Sheila, now 63, retired in 2009 and Chris, 65, followed her two years later. They had always envisioned an active retirement. In 2010 the Kortes bought a Cruise Planners franchise. “The part-time business allows us to sell travel and travel at a discount,” says Sheila.
The business gives them income, something to focus on, and they enjoy interacting with clients. They view the business as one of their smartest moves in retirement. They also downsized five years ago, selling their big colonial and going for a newly constructed townhouse just five blocks from their old house.
“We cut our expenses by 60 percent when we moved. We save $10,000 just on taxes,” says Chris.

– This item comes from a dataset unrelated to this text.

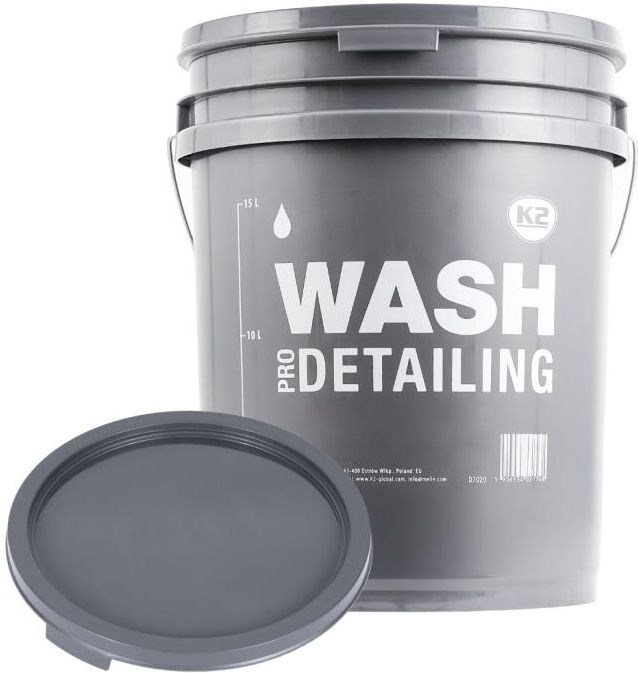 K2 WIADRO WASH DETAILINGOWE DO MYCIA AUTA 20L (D7020) K2 Szare wiadro detailingowe "WASH" 20L – profesjonalne do mycia samochodu Szare wiadro detailingowe K2 "WASH" o pojemności 20 litrów to niezastąpione narzędzie każdego fana czystego lakieru. Wykonane z wyjątkowo trwałego tworzywa HDPE, odpornego na uderzenia, chemikalia i wysokie temperatury, idealnie sprawdza się podczas bezpiecznego mycia auta. Z wyraźnym oznaczeniem „WASH” przeznaczone jest do przygotowania roztworu szamponu. Zalecamy stosowanie razem z niebieskim wiadrem K2 "RINSE" i mycie techniką na dwa wiadra – to najskuteczniejszy sposób, by ograniczyć ryzyko powstania mikrozarysowań. Główne zalety i korzyści Duża pojemność 20L – pozwala na efektywne mycie całego pojazdu Tworzywo HDPE – wytrzymałe i odporne na środki chemiczne Wyraźne oznaczenie „WASH” – dla maksymalnej wygody i bezpieczeństwa Wbudowana podziałka – ułatwia dozowanie wody i szamponu Solidny metalowy uchwyt – wygodne przenoszenie nawet pełnego wiadra Kompatybilne z pokrywą (funkcja siedziska) i separatorem brudu Po założeniu pokrywy może służyć jako siedzisko Pojemność: 20L Oferta dotyczy samego wiadra 20L z pokrywką. Separator brudu, rękawica, wash pad oraz szampony dostępne są w innych naszych ofertach. Umieszczony na dnie, skutecznie zatrzymuje zanieczyszczenia i zapobiega ich ponownemu nabieraniu przez rękawicę. Sposób użycia "Technika na dwa wiadra" – myj bezpieczniej Szare "WASH" wiadro napełnij wodą z szamponem Niebieskie wiadro "RINSE" napełnij czystą wodą do płukania rękawicy, gąbki lub pada. Umieść separatory brudu K2 w obu wiadrach Po każdym kontakcie gąbki, rękawicy lub pada z karoserią, wypłucz ją w wiadrze do płukania. Na wypłukaną rękawicę lub gąbkę nabierz wodę z szamponem i kontynuuj mycie. Metoda mycia na dwa wiadra, znacząco zmniejsza ryzyko zarysowań lakieru, ponieważ brud i drobiny piasku zostają na dnie wiader i nie wracają na powierzchnię auta po kolejnym nabraniu wody z szamponem. Wysoki rant od strony dna, sprawia że nie ma ryzyka uszkodzenia wiadra np przez leżący kamień na podłodze.

The extra income has made it possible to draw less from their retirement funds the last two years, plus they are now both getting Social Security. “We didn’t want to live off our nest egg completely,” says Sheila.
They drive 2003 and 2004 model year cars and keep them in good condition. They walk a lot for health and savings on gas and wear and tear on the cars.
The business also enables them to take the home office deduction and write off some expenses. Better still, while they work at least 20 to 25 hours a week booking cruises and resorts for clients, they have the flexibility to set their own hours.
“As long as we have an internet connection, we can do our work while we’re on a cruise ourselves,” says Sheila.
When they aren’t traveling they love spending time with their grandchildren who live on Long Island. The Kortes are loving retirement. Chris, who spent 20 years commuting to Jersey City to work, is especially content. “I love our lifestyle.”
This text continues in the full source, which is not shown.